__Collected data entries__:
——————————

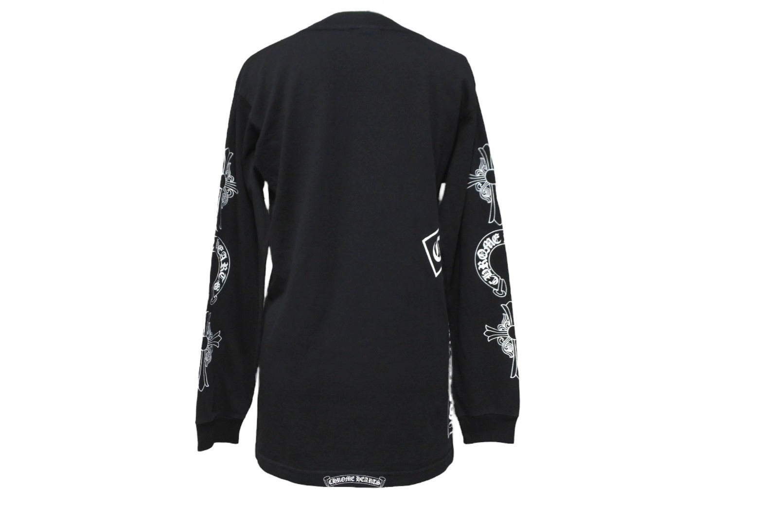 極美品 CHROME HEARTS クロムハーツ 長袖Tシャツ サイズS CHクロス ホースシュー プリント ブラック コットン 中古 64163
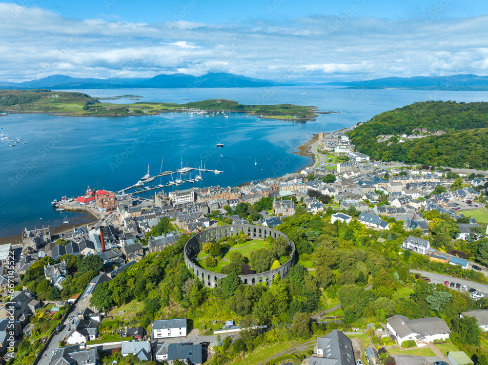 Samolepka Luftbild der Hafenstadt Oban mit dem McCaig's Tower
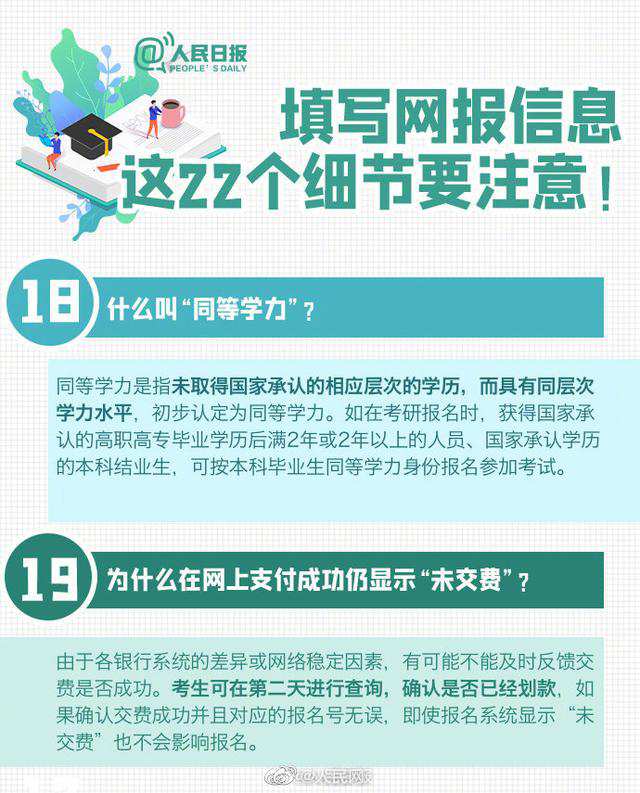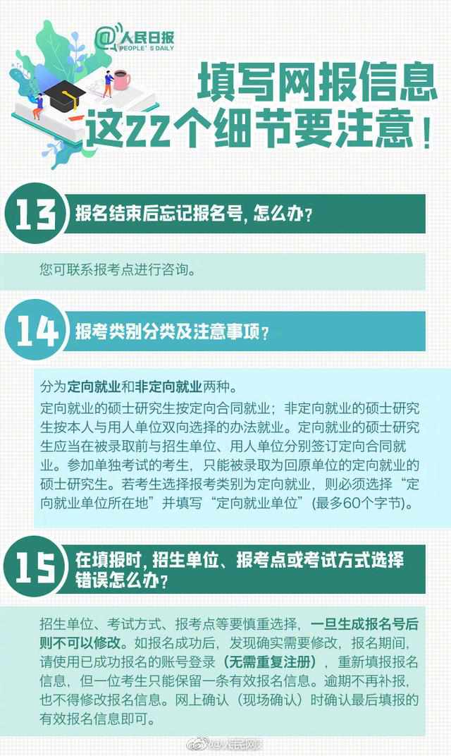 10月10日至31日,每天9:00-22:00,考生可登录全国硕士研究生招生考试网上报名平台进行正式报名(尽量避开网报开始阶段的高峰期)。预报名成功后,报名数据有效,不需要在正式报名阶段再次报名。
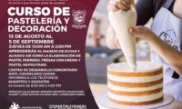 En esta ocasión, explicó, se llevará a cabo el Curso de Pastelería y Decoración del 15 de agosto al 5 de septiembre, todos los jueves de 10:00 a 14:00 horas en el CDC Ampliación Candelario Garza.
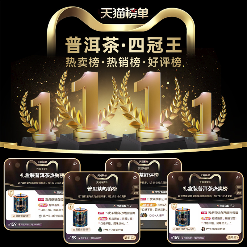 五虎长年普洱茶熟茶茶叶罐装
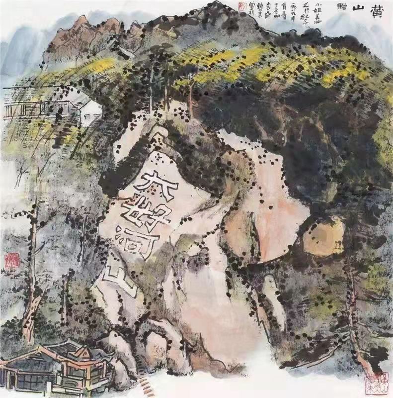 赖少其钟情于黄山题材的山水创作,源自于他与黄山结缘长达半个多世纪的深厚感情。赖少其1939年10月在皖南参加新四军,初涉新安山水,初识黄山面貌,为保卫美丽河山和家园浴血奋战。1959年2月赖少其调任安徽省委宣传部副部长,长期兼任安徽省文联主席和省美术家协会、省书法家协会主席,他经常带领画家们去黄山、九华山、新安江畔、徽乡古村落体验生活和写生创作,并将黄山作为永久创作基地,始作黄山客,亦为黄山友,终成“黄山山中人”。他虽然于1986年定居广州,但后来几回安徽,数上黄山,“日行梦里在黄峰”。本次展览中的一幅《黄山》作品,笔墨既体现赖少其雄浑朴茂、生机灿然的代表性风格,更有匠心处理。赖少其在此作的前景——黄山的一面悬崖陡壁处作留白处理,用双钩书深情地题写下四个大字:大好河山,作品的穆静感和崇高感赫然凸显。
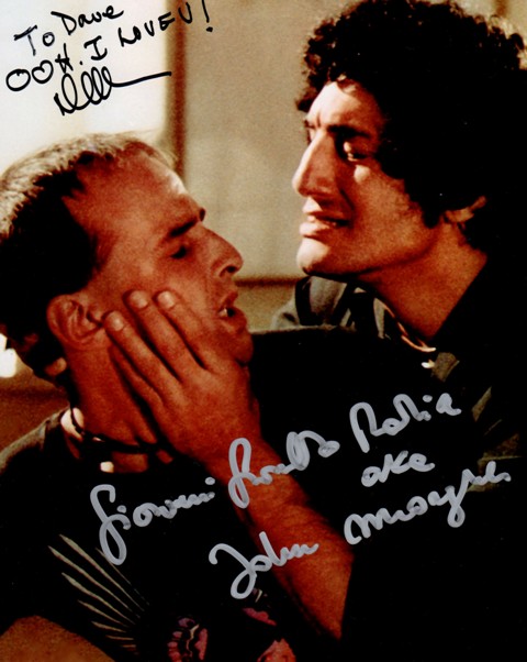 Hess’ co-star in THE HOUSE ON THE EDGE OF THE PARK was Italian actor, Giovanni Lombardo Radice. Despite not being a fan of horror (particularly gore) movies, Radice has the distinction of starring in some of the gruesomest films ever made. These include Lucio Fulci’s CITY OF THE LIVING DEAD as well as Umberto Lenzi’s highly controversial, CANNIBAL FEROX. Hess was selling numerous photos at his table but the one that quickly caught my eye featured Radice and Hess together. It was more expensive than the other photos but was pre-signed by Radice himself. I was happy to add both autographs to my collection.
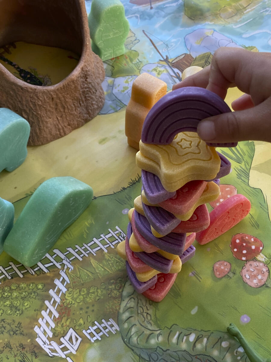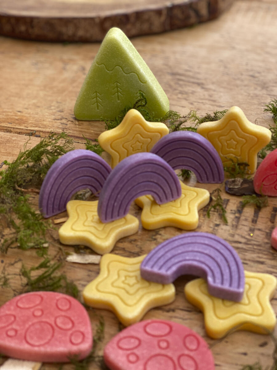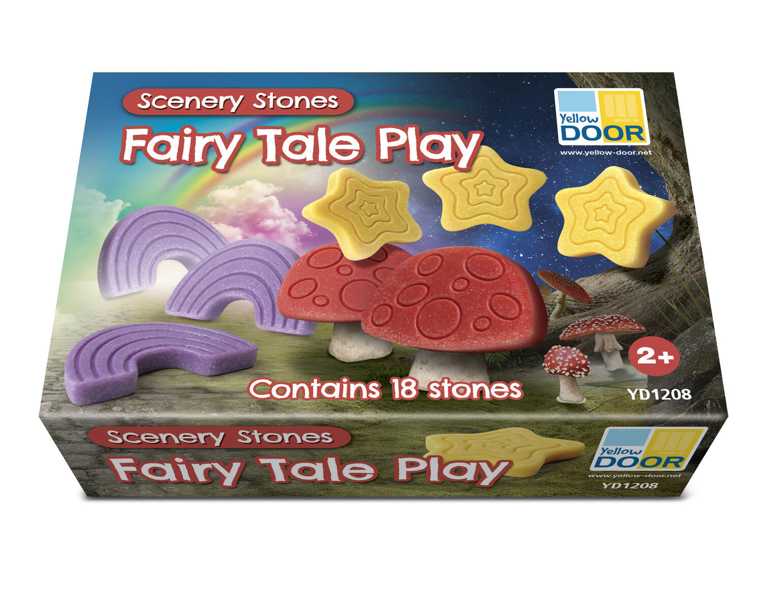 18 st/fp. Stenar med motiv av magiska regnbågar, glittrande stjärnor och svamphattar. Uppmuntrar till fantasifull lek med många olika teman, samt kan användas vid språkträning och sorteringslek. Fungerar inomhus och utomhus i vatten, lera och jord. Mått: Ca 45-50 mm. Av stenmix. PVC-fri. Från 2 år.
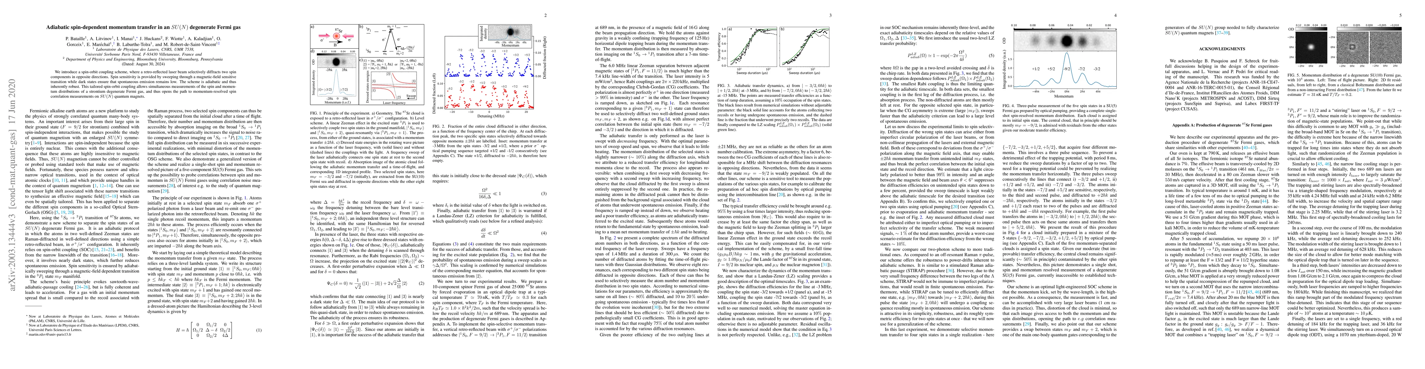 This paper proposes an adiabatic spin-orbit coupling method using a retro-reflected laser beam to selectively diffract spin components, enabling robust measurements of spin and momentum distributions in a strontium degenerate Fermi gas. This technique paves the way for momentum-resolved spin correlation studies in SU(N) quantum magnets.
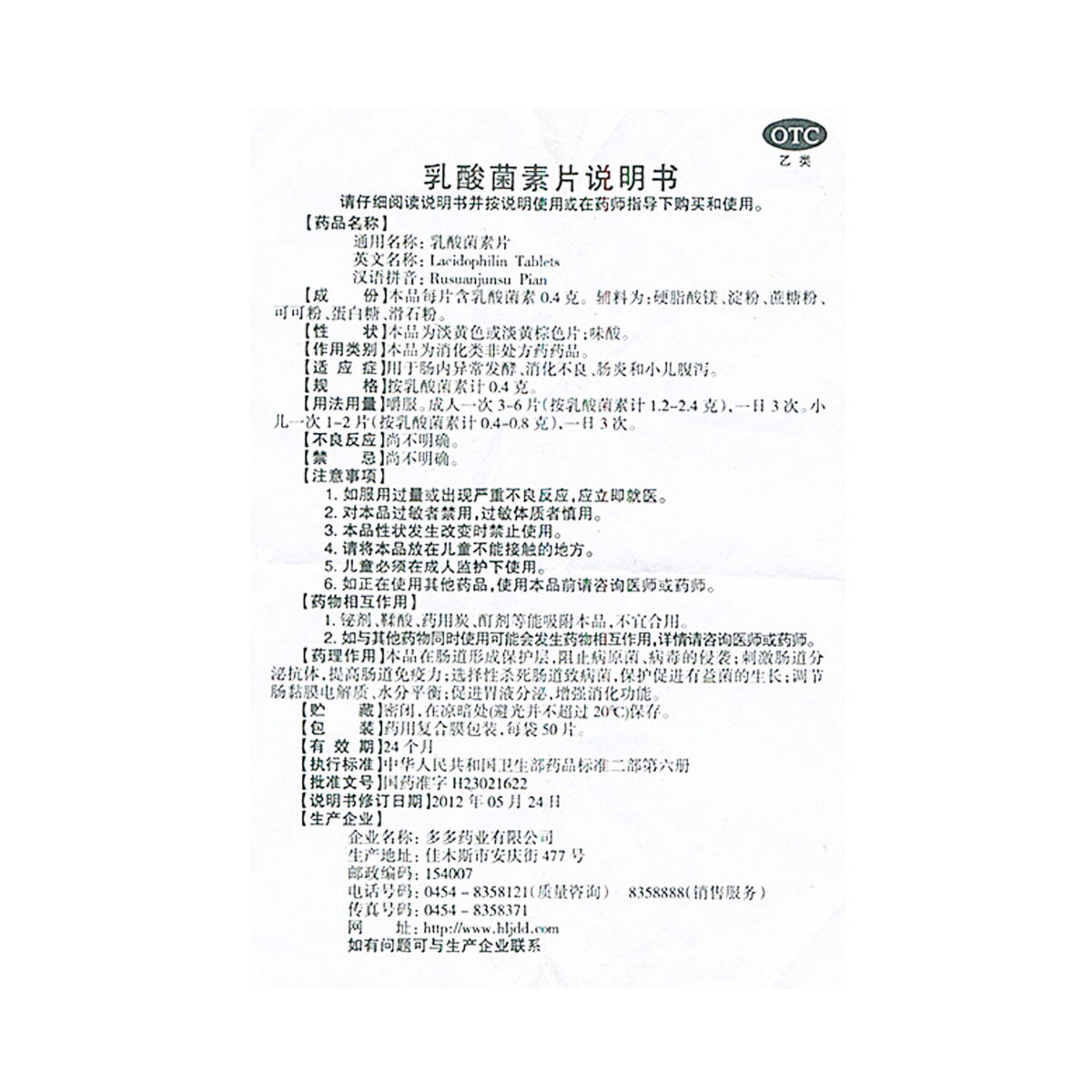 多多药业乳酸菌素片0.4g*50S
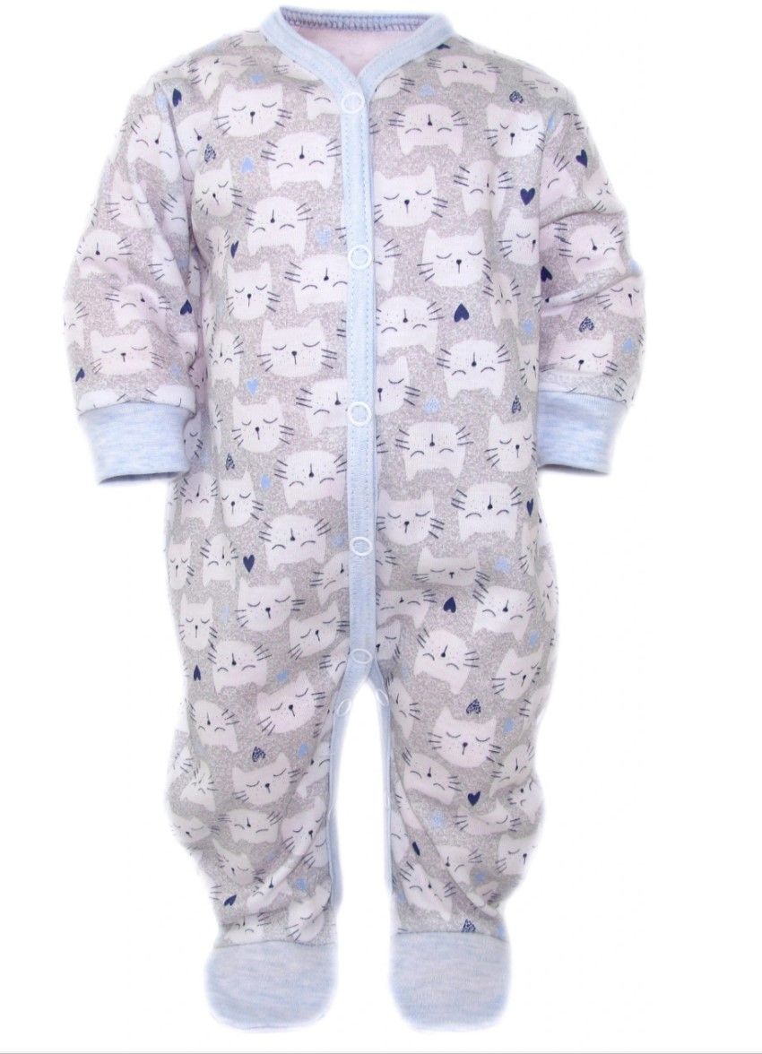 Aprašymas Šliaužtinukai kūdikiui "Cats" melsvos spalvos
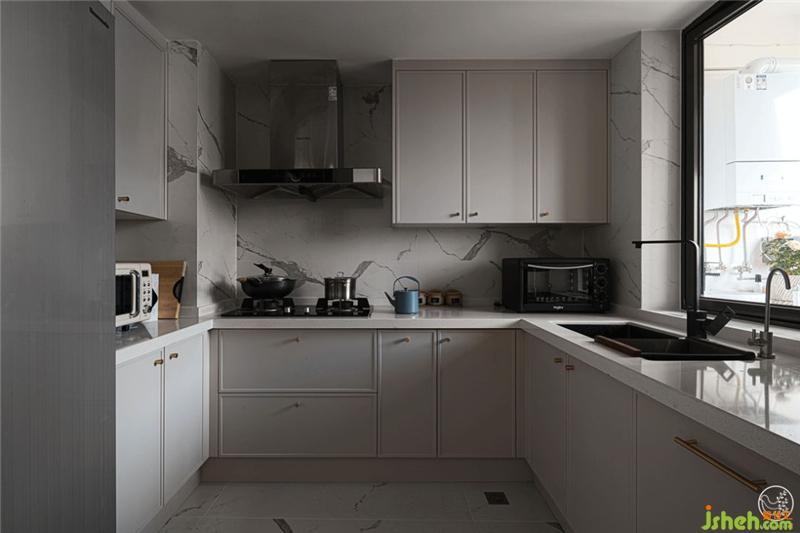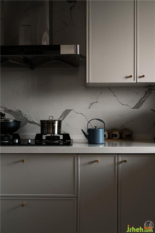 在扩宽了原始厨房面积之后,厨房与生活阳台以窗相连,功能布局合理清晰。墙面和地面延续了客餐厅大理石花纹的材质,让内外空间高度统一,为Gemini营造了舒适、合理的操作环境。

——————————

__Task instructions__:
Return only the lines running from the top of the data to the line that holds "赖少其钟情于黄山题材的山水创". Include both of those lines, but skip the pictures.

__Reply__:
 極美品 CHROME HEARTS クロムハーツ 長袖Tシャツ サイズS CHクロス ホースシュー プリント ブラック コットン 中古 64163
 Samolepka Luftbild der Hafenstadt Oban mit dem McCaig's Tower
 10月10日至31日,每天9:00-22:00,考生可登录全国硕士研究生招生考试网上报名平台进行正式报名(尽量避开网报开始阶段的高峰期)。预报名成功后,报名数据有效,不需要在正式报名阶段再次报名。
 En esta ocasión, explicó, se llevará a cabo el Curso de Pastelería y Decoración del 15 de agosto al 5 de septiembre, todos los jueves de 10:00 a 14:00 horas en el CDC Ampliación Candelario Garza.
 五虎长年普洱茶熟茶茶叶罐装
 赖少其钟情于黄山题材的山水创作,源自于他与黄山结缘长达半个多世纪的深厚感情。赖少其1939年10月在皖南参加新四军,初涉新安山水,初识黄山面貌,为保卫美丽河山和家园浴血奋战。1959年2月赖少其调任安徽省委宣传部副部长,长期兼任安徽省文联主席和省美术家协会、省书法家协会主席,他经常带领画家们去黄山、九华山、新安江畔、徽乡古村落体验生活和写生创作,并将黄山作为永久创作基地,始作黄山客,亦为黄山友,终成“黄山山中人”。他虽然于1986年定居广州,但后来几回安徽,数上黄山,“日行梦里在黄峰”。本次展览中的一幅《黄山》作品,笔墨既体现赖少其雄浑朴茂、生机灿然的代表性风格,更有匠心处理。赖少其在此作的前景——黄山的一面悬崖陡壁处作留白处理,用双钩书深情地题写下四个大字:大好河山,作品的穆静感和崇高感赫然凸显。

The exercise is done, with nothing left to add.